The municipality is seeking contractors to upgrade the spillway and west dike at Oak Lake Dam, which holds back Oak Lake in the Assiniboine River watershed. The project is listed on the Manitoba government's procurement portal. Construction costs and funding sources have not been publicly disclosed.
The work fits a pattern playing out across the Prairies. Most of the region's dams and dikes were built in the 1950s through 1970s under federal-provincial rural water programs, and many are now 50 to 70 years old. When the federal Prairie Farm Rehabilitation Administration wound down in 2009, provinces and municipalities were left managing structures that were never designed to last this long or handle what the climate now throws at them.

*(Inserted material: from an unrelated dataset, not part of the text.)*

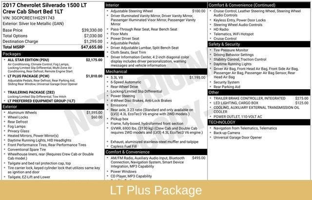 Experience the power, versatility, and premium features of the 2017 Chevrolet Silverado 1500 LT LT1. Visit our showroom today and let us demonstrate how this exceptional truck can enhance your driving experience.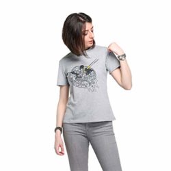 Don’t go in the water! Or do with this powder blue shirt that showcases the original Jaws movie poster. Additionally, you’ll receive two exclusive die-cut stickers: one featuring the

Major Manitoba/Assiniboine basin flood events, 1997–2022
Source: NationGraph.
Manitoba has had a hard education in what happens when those structures fail. The 2011 Assiniboine River flood caused roughly $1.2 billion in damages across the basin, with spillway releases and dike failures sending water into homes and farmland across southwestern Manitoba. Oak Lake sits squarely in that same basin, and nearby communities saw highway closures and overland flooding during both the 2011 and 2014 events.
Updated Canadian Dam Association safety guidelines have required owners of older structures to test their spillways against larger design floods than the originals were built for. Many don't pass. A spillway that cannot safely pass a revised design flood, or a dike showing settlement or seepage, is a classic finding when engineers review mid-century Prairie infrastructure.
For Sifton, a municipality of roughly 1,400 people with an annual budget in the low single-digit millions, a dam project of this scale almost certainly requires provincial or federal cost-sharing. Neither the municipality nor provincial officials have announced funding partners.
Oak Lake is also a regional recreation hub, with cottages, a beach and fishing that depend on stable lake levels. The dam matters both for flood protection downstream and for the local economy upstream.
With the solicitation now open, the municipality will select a contractor and move toward construction, though a timeline has not been made public.